Copy the following listing word for word.

▶ [Provided data]
○ ○ ○ ○ ○ ○ ○
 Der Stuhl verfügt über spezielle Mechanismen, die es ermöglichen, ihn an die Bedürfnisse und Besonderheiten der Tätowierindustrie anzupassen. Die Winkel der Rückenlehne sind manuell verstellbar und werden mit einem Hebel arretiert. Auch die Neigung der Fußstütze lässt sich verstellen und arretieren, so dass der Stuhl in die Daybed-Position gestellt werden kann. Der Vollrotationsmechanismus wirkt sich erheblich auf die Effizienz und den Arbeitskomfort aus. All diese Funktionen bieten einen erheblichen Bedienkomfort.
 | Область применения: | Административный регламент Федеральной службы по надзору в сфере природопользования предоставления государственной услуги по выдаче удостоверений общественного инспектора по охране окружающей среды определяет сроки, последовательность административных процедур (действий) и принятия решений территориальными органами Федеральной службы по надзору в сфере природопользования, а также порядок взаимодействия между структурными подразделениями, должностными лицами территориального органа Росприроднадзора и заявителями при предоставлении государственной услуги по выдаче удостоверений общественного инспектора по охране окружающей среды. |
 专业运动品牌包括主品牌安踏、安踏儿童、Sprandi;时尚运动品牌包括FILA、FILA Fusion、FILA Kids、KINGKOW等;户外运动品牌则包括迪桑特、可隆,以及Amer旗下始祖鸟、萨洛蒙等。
○ ○ ○ ○ ○ ○ ○
▶ [Task output]
 Der Stuhl verfügt über spezielle Mechanismen, die es ermöglichen, ihn an die Bedürfnisse und Besonderheiten der Tätowierindustrie anzupassen. Die Winkel der Rückenlehne sind manuell verstellbar und werden mit einem Hebel arretiert. Auch die Neigung der Fußstütze lässt sich verstellen und arretieren, so dass der Stuhl in die Daybed-Position gestellt werden kann. Der Vollrotationsmechanismus wirkt sich erheblich auf die Effizienz und den Arbeitskomfort aus. All diese Funktionen bieten einen erheblichen Bedienkomfort.
 | Область применения: | Административный регламент Федеральной службы по надзору в сфере природопользования предоставления государственной услуги по выдаче удостоверений общественного инспектора по охране окружающей среды определяет сроки, последовательность административных процедур (действий) и принятия решений территориальными органами Федеральной службы по надзору в сфере природопользования, а также порядок взаимодействия между структурными подразделениями, должностными лицами территориального органа Росприроднадзора и заявителями при предоставлении государственной услуги по выдаче удостоверений общественного инспектора по охране окружающей среды. |
 专业运动品牌包括主品牌安踏、安踏儿童、Sprandi;时尚运动品牌包括FILA、FILA Fusion、FILA Kids、KINGKOW等;户外运动品牌则包括迪桑特、可隆,以及Amer旗下始祖鸟、萨洛蒙等。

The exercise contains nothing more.